原山副社長 VW側が指摘するフィアットからのエンジン調達以外にも、別のスズキにとって根拠がない件で契約違反を指摘されている。VWは契約違反だというが、むしろ契約違反を主張したいのはスズキのほうだ。

09年12月に提携をしたとき、契約内容として技術についてVWからスズキに技術移転が得られると、かなり具体的な規定があった。しかし提携後、スズキが必要としている技術をVWが供給できない事実がわかった。そもそも独立したイコールパートナーとして提携した以上、他人に向かって「契約違反だ」というのは、外交関係における宣戦布告に等しい。だから、われわれはVWに対し「契約違反」という言葉は使ってこなかった。

パートナーのスズキに対し「契約違反」という最後通告をしながら協議を進めることはできない。まずは取り消しなさい、というという提案をしてきたが、そのことについても何ら反応がなかった。

今回の件について、契約にあまり記載がないため、違約金が発生するような事態には発展しないだろう。一番の問題は、どうやって契約を解除するかということだが、VW側としても、突然フィアットのエンジンの問題を持ち出すなど、提携を解消したかったように思わざるをえない。

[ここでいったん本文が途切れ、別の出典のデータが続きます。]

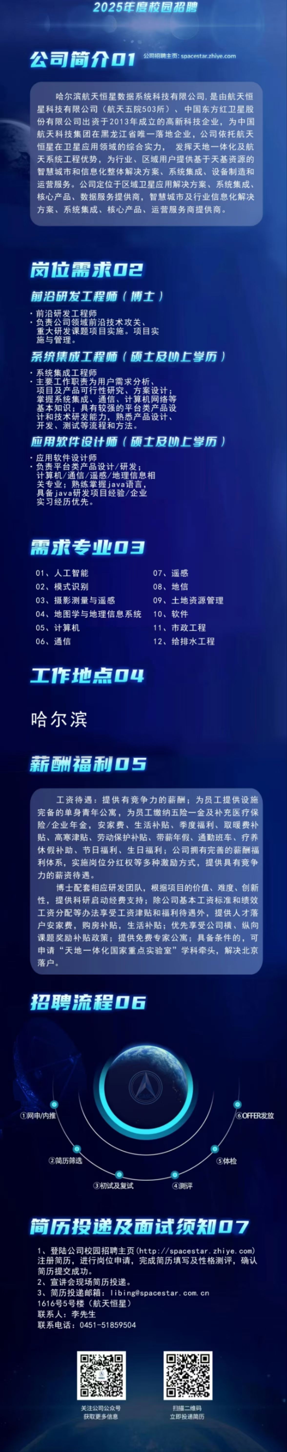 哈尔滨航天恒星数据系统科技2025年秋季招聘(硕博),下周一10月20日下午3点,太阳网集团tcy8722望江校区基础教学楼A402
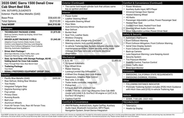 Pacific Blue Metallic 2020 GMC Sierra 1500 Denali 4WD 10-Speed Automatic EcoTec3 6.2L V8

鈴木会長 原山は第一線で契約交渉に当たっており、多少興奮しているようだ。両社にとって大事なのは、またどこで会うかわからないから笑顔で別れることだ。先ほども言ったように、これは結婚・離婚と同じ。「殿、殿中でござる」と一緒だ。あまり最悪のケースばかりを考えても仕方がない。もっと和やかに解消する努力をしたい。